Komaba International School in Meguro is a small, established bilingual elementary that has earned a reputation for biliterate outcomes and a settled community of returnee Japanese families.

Where bilingual school families live in Tokyo

Bilingual school families in Tokyo are more dispersed than full international school families because the schools themselves are spread across more wards. Minato and Meguro serve Laurus, Komaba International and the central Aoba sites. Setagaya, including Sangenjaya and Yoga, suits families at the western bilingual settings and the Aoba Hikarigaoka feeder routes. Suginami works for Tokyo West International. Koto and Edogawa serve K. International and the bay area bilingual schools. Many bilingual schools do not run extensive bus networks, so proximity matters more than at full international schools.

Admissions calendar

Most bilingual schools in Tokyo align to the Japanese academic calendar, beginning in April, although some run on the international August calendar. Applications for the April 2026 academic year typically opened between September and December 2025. Bilingual preschools fill quickly because demand exceeds supply in central Tokyo, and waiting lists at the most established settings often run 12 to 18 months out. For elementary entry, families should apply 9 to 12 months ahead. Some bilingual schools operate a Japanese style entrance assessment at older entry points, particularly when transitioning from preschool to elementary.

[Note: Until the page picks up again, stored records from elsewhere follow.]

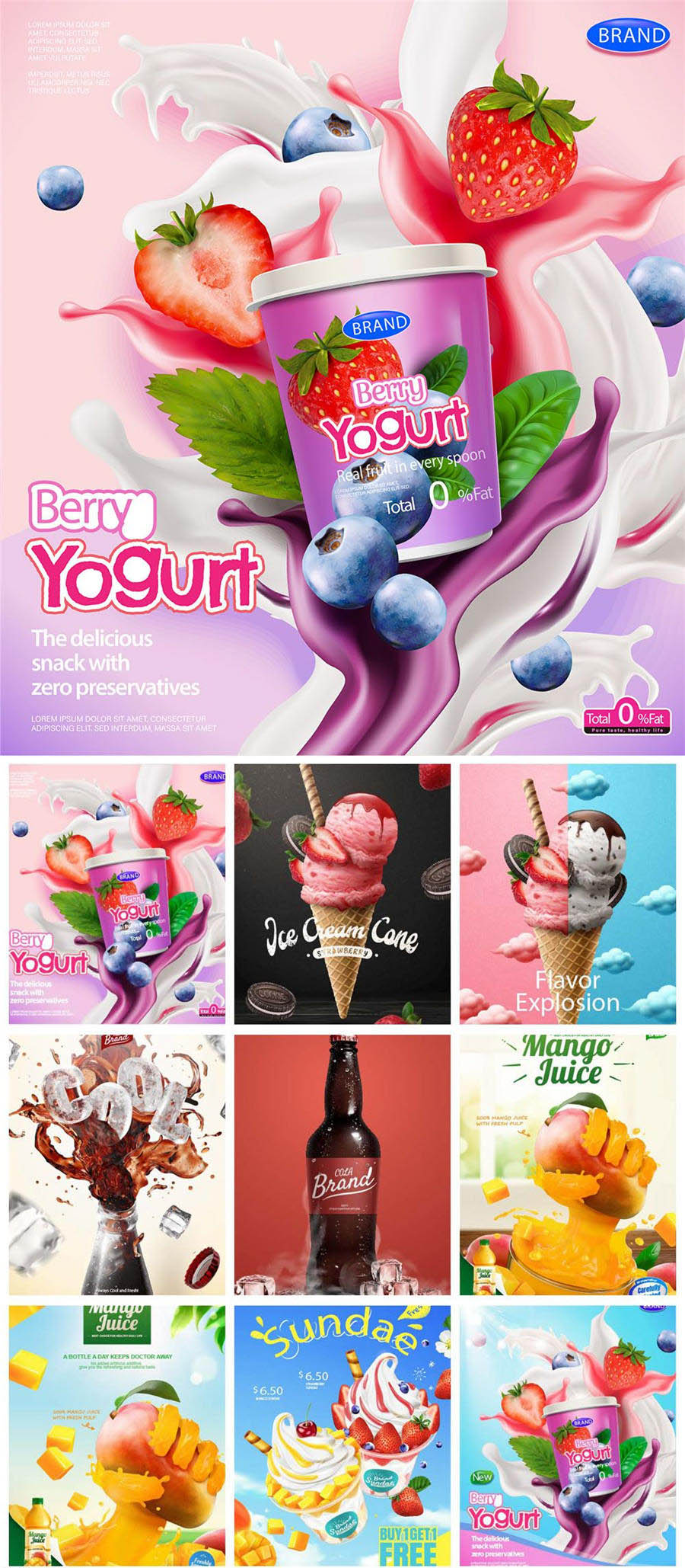 水果蓝莓酸奶昔芒果汁饮料冰淇淋可乐创意AI元素海报模板素材设计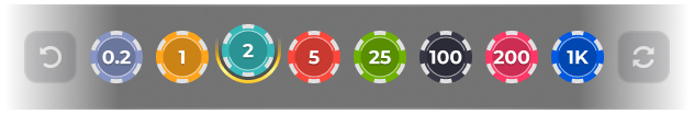 The Chips screen allows you to select the value of chips you will use for betting. Only chip values that can be covered by your current balance are available.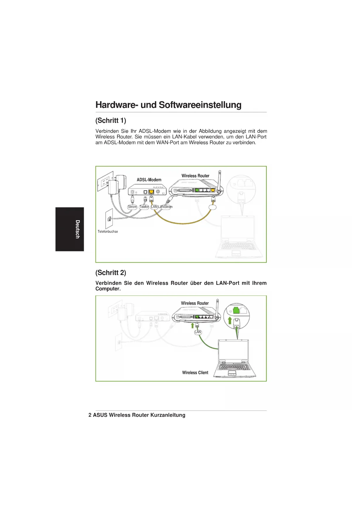 (Etape 3) Activez trois contrôles ActiveX et plug- ins. Par défaut ces éléments sont désactivés et empêcheront la webcam du routeur de fonctionner correctement. Paramétrage de la Webcam (DefaultEnglish Français Routeur sans fil ASUS: guide de démarrage rapide 13 (Etape 4) Par défaut, trois éléments sont déjà activés. Activez-les s’ils ont été modifiés. (Etape 5) Cliquez sur Oui pour changer les paramètres de sécurité. Paramétrage de la Webcam (suite)Français 14 Routeur sans fil ASUS: guide de démarrage rapide L’interface web du routeur sans fil WL-500b/g vous aidera à paramétrer la partie logicielle de la webcam. (Etape 4) Cliquez sur Add to Bookmark tpour sauvegarder un lien vers cette page. (Etape 2) Choisissez Web Camera dans lemenu USB Application. (Etape 3) Sur cette page réglez des paramètres tels que la taille de l’image. Cliquez sur Preview pour avoir une idée de ce que cela donnera. (Etape 5) Réglez Remote Monitor si nécessaire. Cliquez sur Finish une fois fini. Paramétrage logiciel de la webcam (Etape 1) Saisissez l’une des adresses suivantes dans votre navigateur Internet: http://my.WL500b ou http://my.WL500g (en fonction des modèles) http://my.router ou http://192.168.1.1Deutsch Deutsch WL500g / WL500g Deluxe Wireless Router (Für 802.11g/b Wireless Clients) WL500b Wireless Router (Für 802.11b Wireless Clients) KurzanleitungDeutsch 2 ASUS Wireless Router Kurzanleitung (Schritt 1) Verbinden Sie Ihr ADSL-Modem wie in der Abbildung angezeigt mit dem Wireless Router. Sie müssen ein LAN-Kabel verwenden, um den LAN-Port am ADSL-Modem mit dem WAN-Port am Wireless Router zu verbinden. (Schritt 2) Verbinden Sie den Wireless Router über den LAN-Port mit Ihrem Computer. ADSL-Modem Wireless Router Telefonbuchse Strom Telefon LAN LANStrom Wireless Client Wireless Router LAN Hardware- und SoftwareeinstellungDeutsch Deutsch ASUS Wireless Router Kurzanleitung 3 (Schritt 5) Die Startseite zeigt Links zur Konfiguration der Hauptfunktionen des Wireless Home Gateway an. Klicken Sie für eine schnelle Einstellung auf Next (Weiter). (Schritt 3) Geben Sie eine der folgenden Adressen in Ihren Webbrowser ein: WL500g [http://my.router] oder [http://my.WL500g] oder [http://192.168.1.1] WL500g Deluxe [http://my.router] oder [http://my.WL500g.Deluxe] oder [http://192.168.1.1] (Schritt 4) Anmelden mit Werksvorgabe: Benutzer: admin Passwort: admin WL500g WL500g Deluxe (Schritt 6) Wählen Sie aus dem Pull-Down-Menü Ihre Zeitzone oder die nächste Region aus. Klicken Sie zum Fortfahren auf Next (Weiter). Hardware- und Softwareeinstellung (Fortsetzung)Deutsch 4 ASUS Wireless Router Kurzanleitung (Schritt 7) Wählen Sie Ihren Verbindungstyp. (“ADSL” verwendet ein standardmäßiges Telefonkabel. “Kabel” verwendet ein schweres, rundes TV-Kabel.) Klicken Sie zum Fortfahren auf Next (Weiter). (Schritt 8) Geben Sie Ihren Benutzernamen und Ihr Kennwort ein, um eine Verbindung mit Ihrem ISP herzustellen. Klicken Sie zum Fortfahren auf Next (Weiter). (Schritt 11) Geben Sie die SSID ein und nehmen Sie die WEP-Einstellungen vor, wenn Sie die Sicherheit Ihres drahtlosen Netzwerks verstärken möchten. Klicken Sie zum Fortfahren auf Finish (Fertig stellen). (Schritt 10) Normalerweise sollten Sie die Optionen “IP automatisch beziehen” und “DNS- Server automatisch beziehen” aktivieren. Wenn Sie die beiden Optionen nicht aktivieren, müssen Sie die Informationen von Ihrem ISP eingeben. Klicken Sie zum Fortfahren auf Next (Weiter). (Schritt 9) Füllen Sie, wenn notwendig, die Felder Host-Name und MAC-Adresse für Ihren ISP aus. Geben Sie den Servernamen oder die Server-IP-Adresse des Heart- Beat Servers ein, wenn Sie eine Verbindung mit BigPond herstellen (nur für Telstar BigPond Cable-Benutzer). Klicken Sie zum Fortfahren auf Next (Weiter). (Schritt 12) Klicken Sie auf Speichern & Neu starten, um die Einstellungen in dem Wireless Router zu speichern und die neuen Einstellungen wirksam zu machen. Klicken Sie zum Fortfahren auf Finish (Fertig stellen). Hardware- und Softwareeinstellung (Fortsetzung)Deutsch Deutsch ASUS Wireless Router Kurzanleitung 5 Druckerinstallations-Assistent Sie sollten Ihren Drucker auf Ihrem Computer installieren, um die Druckereinstellung auf dem Wireless Router zu vereinfachen. Wenn Sie den “Druckereinstellungs-Assistent” starten, ohne Ihren Druckertreiber installiert zu haben, werden Sie an den “Druckerinstallations- Assistent” weitergeleitet. Verbinden Sie Ihren Drucker über den parallelen Anschluss oder USB-Anschluss (wenn verfügbar) mit Ihrem Computer. (Schritt 1) Starten Sie den “Add Printer Wizard (Druckerinstallations-Assistent)” unter Start | Drucker und Faxgeräte| Drucker hinzufügen. (Schritt 2) Wählen Sie “Local printer attached to this computer (Lokaler Drucker, der an dem Computer angeschlossen ist)”. (Schritt 3) Wählen Sie den parallelen Anschluss oder USB-Anschluss, mit dem Ihr Drucker verbunden ist. Drahtlos drucken (ausgewählte Modelle)Deutsch 6 ASUS Wireless Router Kurzanleitung (Schritt 4) Suchen Sie Ihren Druckerhersteller und Ihr Druckermodell. Klicken Sie auf Have Disk (Diskette), wenn Sie Ihren Drucker nicht in der Liste finden konnten. Verwenden Sie den Ihrem Drucker beigefügten Treiber. (Schritt 5) Klicken Sie auf Next (Weiter), um diesen Drucker als Standarddrucker einzustellen. (Schritt 6) Sie können eine Testseite drucken. (Schritt 7) Klicken Sie zum Beenden des Assistenten auf Finish (Fertig stellen). Hinweis: Sie können auch Druckertreiber über die von Ihrem Druckerhersteller gelieferte Disc installieren. Dennoch müssen Sie das Drucker- Utility von dem Druckerhersteller (wenn installiert) deinstallieren, wenn Sie die Wireless LAN Druckerserver-Funktion verwenden möchten. Hinweis: WL-500g unterstützt nur einen parallelen Drucker. WL-500g Deluxe unterstützt nur einen USB-Drucker. Drahtlos drucken (Fortsetzung)Deutsch Deutsch ASUS Wireless Router Kurzanleitung 7 Stellen Sie sicher,

What to ask on a bilingual school tour

Marketing materials at bilingual schools in Tokyo all sound similar. The best way to compare two settings is to ask the same five questions on each school tour and listen carefully to how the answers differ. First, ask what percentage of subject teaching is delivered in each language by year group. A school that genuinely splits 50/50 will be able to show you a timetable; a school that says 50/50 but cannot show one is typically much more English dominant.

Second, ask how Japanese reading and writing is taught. The honest answer is whether the school follows the Ministry of Education kanji progression, which is the only way to build full Japanese literacy by Year 6. Third, ask what proportion of the teaching team is bilingual themselves. Schools that pair a Japanese homeroom teacher with a native English teacher usually deliver more rigorous bilingual content than those that rely on rotating language specialists.

Fourth, ask where graduates go next. A bilingual elementary that consistently feeds into Tokyo IB schools, ASIJ or BST signals a strong English pathway. One that feeds into Japanese private schools signals a Japanese pathway. Neither is wrong, but the answer should match your medium term plan. Fifth, ask how the school handles late arrivals with no Japanese, or no English. The smaller bilingual schools tend to be more flexible at older entry points than the chains. Our compare tool lets you set those five questions against two or three shortlisted schools.

Frequently asked questions

How many bilingual schools are in Tokyo?

Around 25 schools across Tokyo describe themselves as bilingual English Japanese settings, although the immersion ratio varies widely. Roughly half follow a structured dual-language model with subject content taught in both languages.

How much do bilingual schools in Tokyo cost?

Bilingual school tuition in Tokyo ranges from JPY 1.6 million to JPY 2.6 million per year, typically 20 to 30 percent cheaper than full English-medium international schools because the cohort includes a meaningful share of Japanese passport students.

Are bilingual schools good for fully biliterate outcomes?

It depends on the immersion ratio. Schools that teach subject content in both languages and follow the Japanese curriculum for Japanese reading and writing tend to produce genuinely biliterate children. English-dominant settings with one daily Japanese class produce strong English speakers with conversational Japanese.

Do bilingual schools accept non-Japanese passport children?

Yes. Most bilingual schools in Tokyo recruit a deliberately mixed cohort of Japanese, returnee and foreign passport children. Some schools require a minimum level of Japanese for older entry points, particularly at elementary.